DATASET RECORDS:
_ _ _ _ _

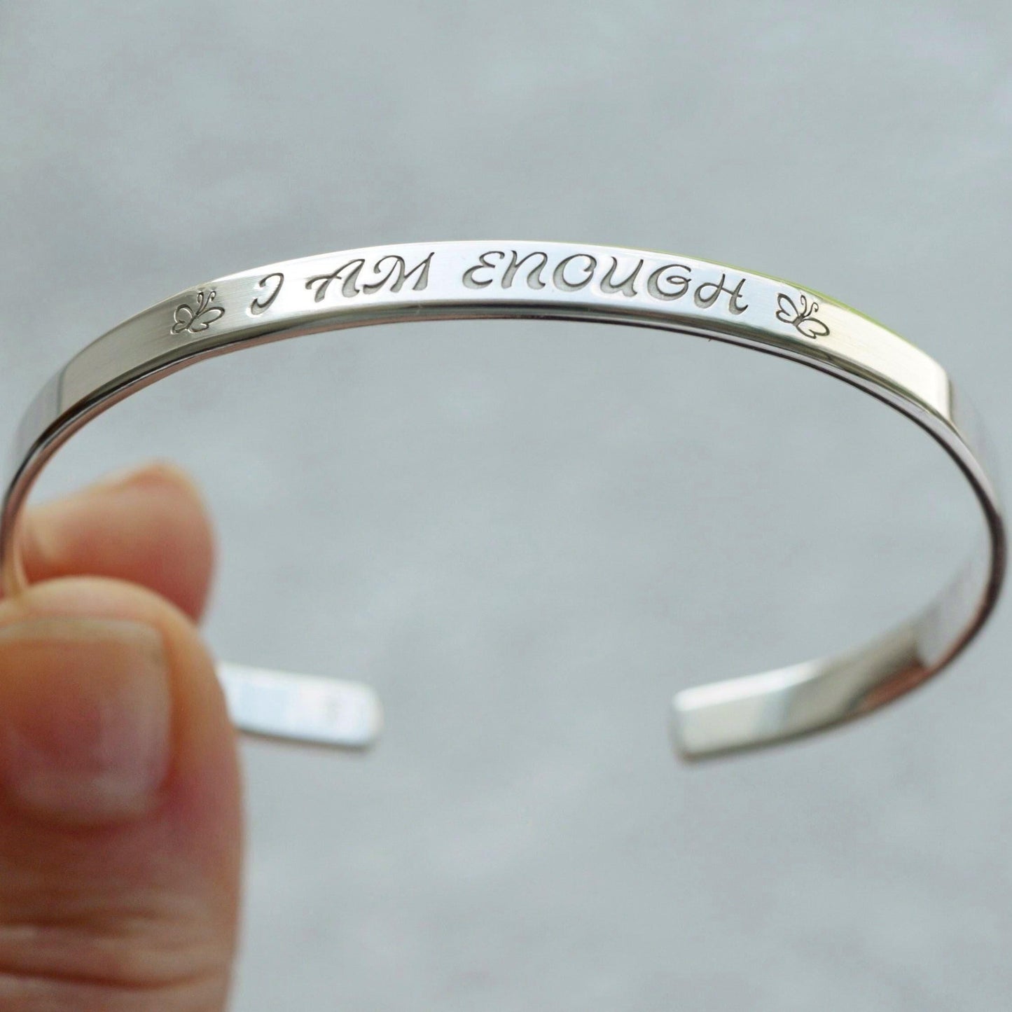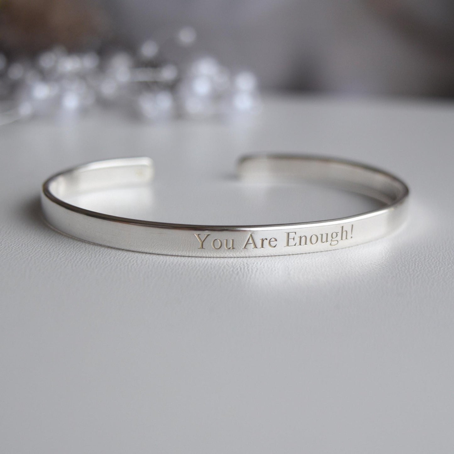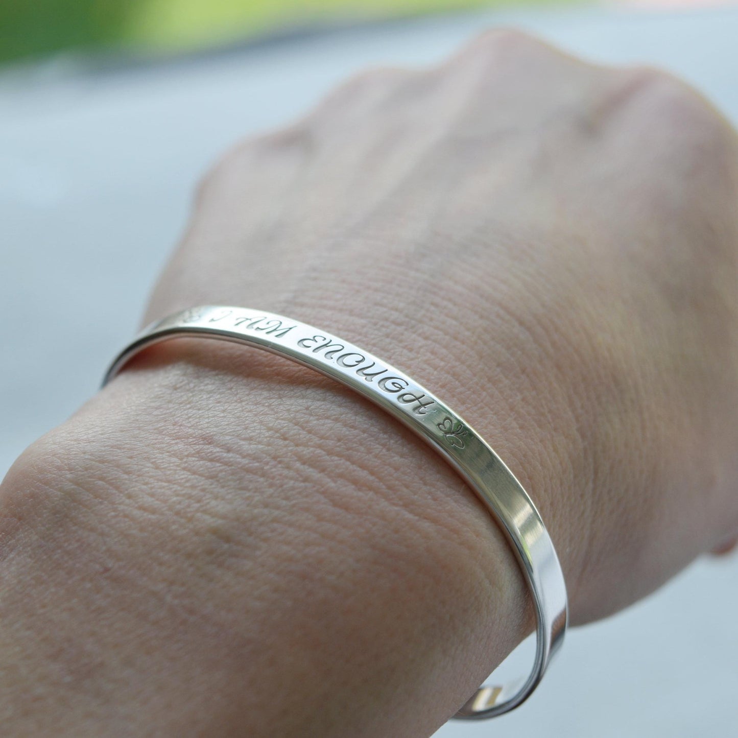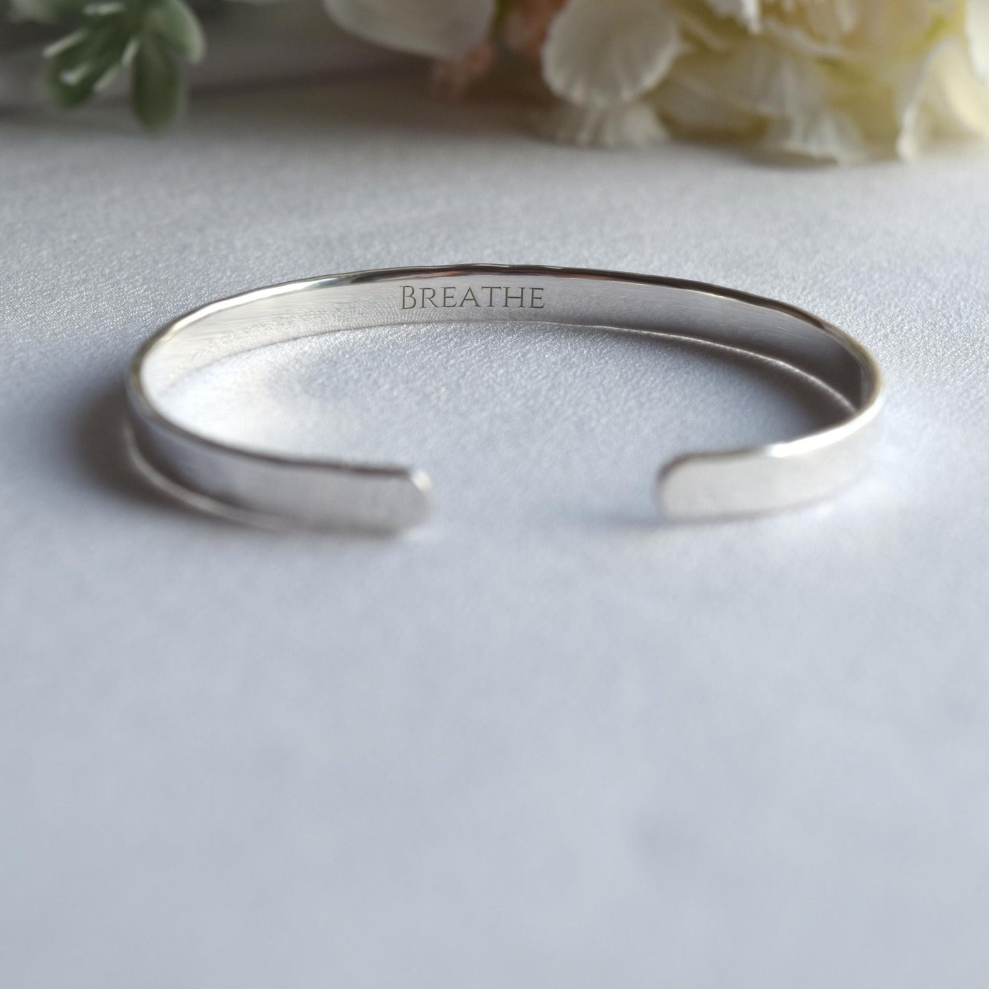 Mantra Sterling Silver Bracelet: Engraved Affirmation Cuff
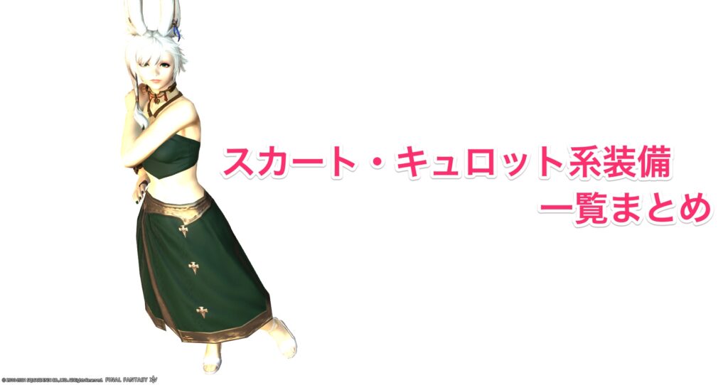FF14内における「スカート」「キルト」「キュロット」系の装備をまとめています。タイトやショートなどおしゃれなボトムスを掲載中です。ミラプリやSS用コーデの装備を探している方は、参考になれば幸いです。
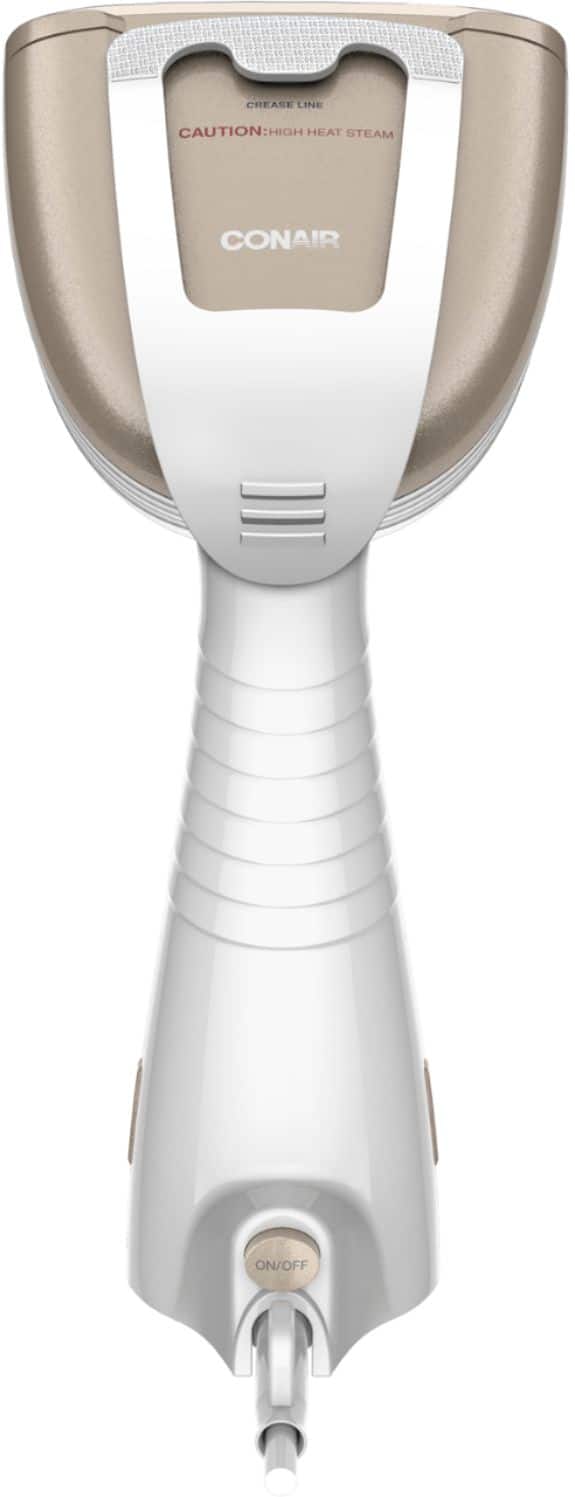 De-wrinkle garments quickly with this Conair Turbo ExtremeSteam handheld fabric steamer. The dual-slotted ceramic-coated soleplate creates steam fast to smooth out wrinkles, and a built-in creasing tool delivers professional-quality results. This Conair Turbo ExtremeSteam handheld fabric steamer features a three-in-one attachment tool to make it easy to remove folds from different types of materials.
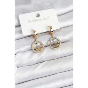 316L Çelik Nazarlı Yonca Model Kadın Küpe
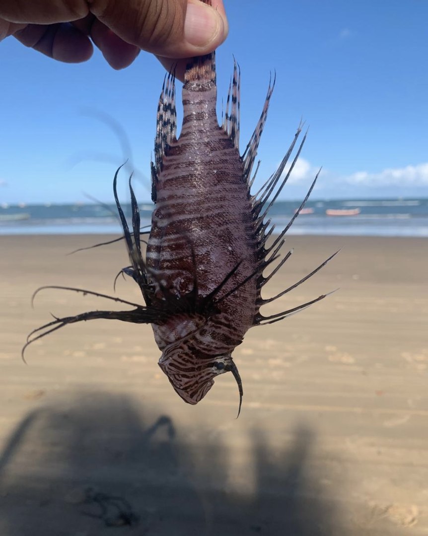 Pescadores do Pontal do Peba, em Piaçabuçu, capturaram um exemplar do peixe-leão, também conhecido como peixe-dragão, uma das espécies mais perigosas do mar. Considerado invasor, o animal possui 18 espinhos com toxinas que podem causar acidentes graves e, em casos extremos, levar à morte.
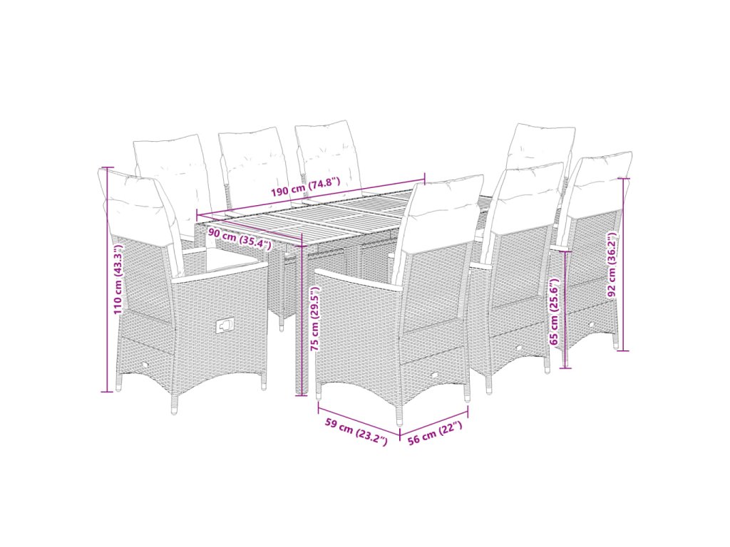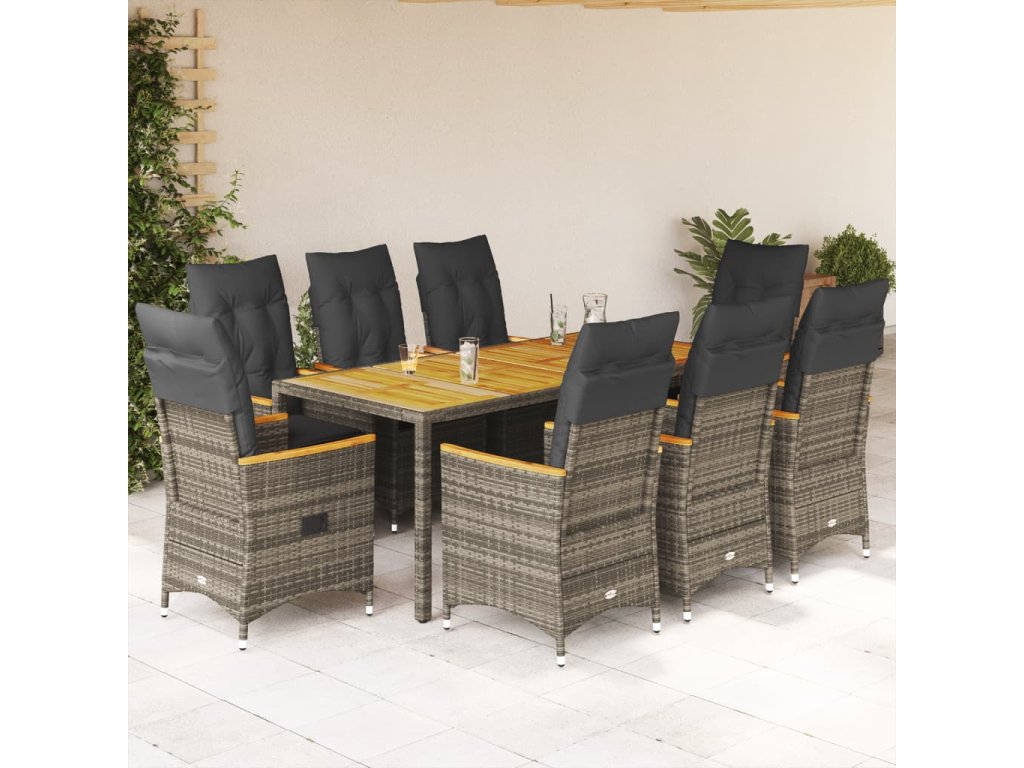 9dílný zahradní jídelní set s poduškami šedý polyratan 3276850

_ _ _ _ _

HOW TO COMPLETE THIS TASK: Starting at the first line of the records and stopping after the line with "316L Çelik Nazarlı Yonca Model Kadın Küpe", copy each line exactly; pictures stay out.

TASK ANSWER:
 Mantra Sterling Silver Bracelet: Engraved Affirmation Cuff
FF14内における「スカート」「キルト」「キュロット」系の装備をまとめています。タイトやショートなどおしゃれなボトムスを掲載中です。ミラプリやSS用コーデの装備を探している方は、参考になれば幸いです。
 De-wrinkle garments quickly with this Conair Turbo ExtremeSteam handheld fabric steamer. The dual-slotted ceramic-coated soleplate creates steam fast to smooth out wrinkles, and a built-in creasing tool delivers professional-quality results. This Conair Turbo ExtremeSteam handheld fabric steamer features a three-in-one attachment tool to make it easy to remove folds from different types of materials.
 316L Çelik Nazarlı Yonca Model Kadın Küpe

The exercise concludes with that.